Of course, Watani was never accused of shooting anyone, leading one to wonder whether Bratton's office even reviewed Stiner's file before finding him unfit for parole.

Even more infuriating to Watani is the confusion of charges against him. He was convicted of both second-degree murder and conspiracy to commit murder - two charges that should be legally irreconcilable for the same crime.

"Conspiracy to commit murder necessarily means first-degree murder because it involves planning, premeditation and deliberation," says David Feld, a Bay Area lawyer who has taken an interest in Watani's story. "Second-degree murder excludes premeditation and deliberation. The verdicts are inconsistent."

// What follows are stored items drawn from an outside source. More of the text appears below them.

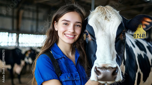 Farm Life Connection: A young woman, radiant with a genuine smile, leans in close to a gentle cow in a barn setting, showcasing a connection between humanity and animal care on a farm.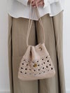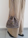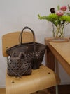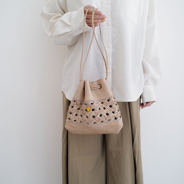 すべてが職人の手編みによるクラフト感溢れるレザーメッシュバッグシリーズ。 【新作】ルル・ミックスメッシュ メッシュバッグ かごバッグ カゴバッグ 巾着バッグ インナーバッグ バッグインバッグ レザー 本革バッグ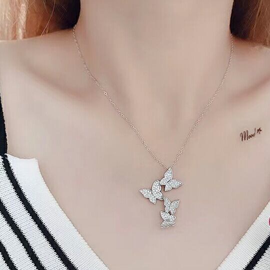 連なる蝶 バタフライモチーフ ネックレス S925 ジルコニア キラキラ 胸元でゆらゆら 存在感抜群 スタイリッシュ 春 昆虫 レディース お出かけ デート パーティー ギフト プレゼント sn0015a

At least one Black Panther agrees. Geronimo Pratt, who was Bunchy Carter's chief of security at the time of his killing, has since said he doesn't believe the UCLA shootings were a conspiracy, but were instead the tragic result of a spontaneous altercation.

"One of the Panthers pulled out a gun, which subsequently caused Us members to pull their guns to defend themselves," he's quoted as saying in UCLA professor Scot Brown's book Fighting for Us: Maulana Karenga, the Us Organization, and Black Cultural Nationalism.

But parole hearings are not courts of law, and members of the parole board are political appointees of the governor - neither judges nor lawyers. Evidence not present in an inmate's prison file is disallowed, and, as revealed by the letter from Chief Bratton's office, standards for truth and accuracy for evidence in this file are not the same as in a court of law - where the threat of perjury or rigorous cross-examination is present.

"The results of these hearings are the completely subjective opinions of political appointees," says Patricia Fox, the attorney who represented Watani at his most recent hearing. "Opinions that are subject to the scrutiny of the governor who appointed them."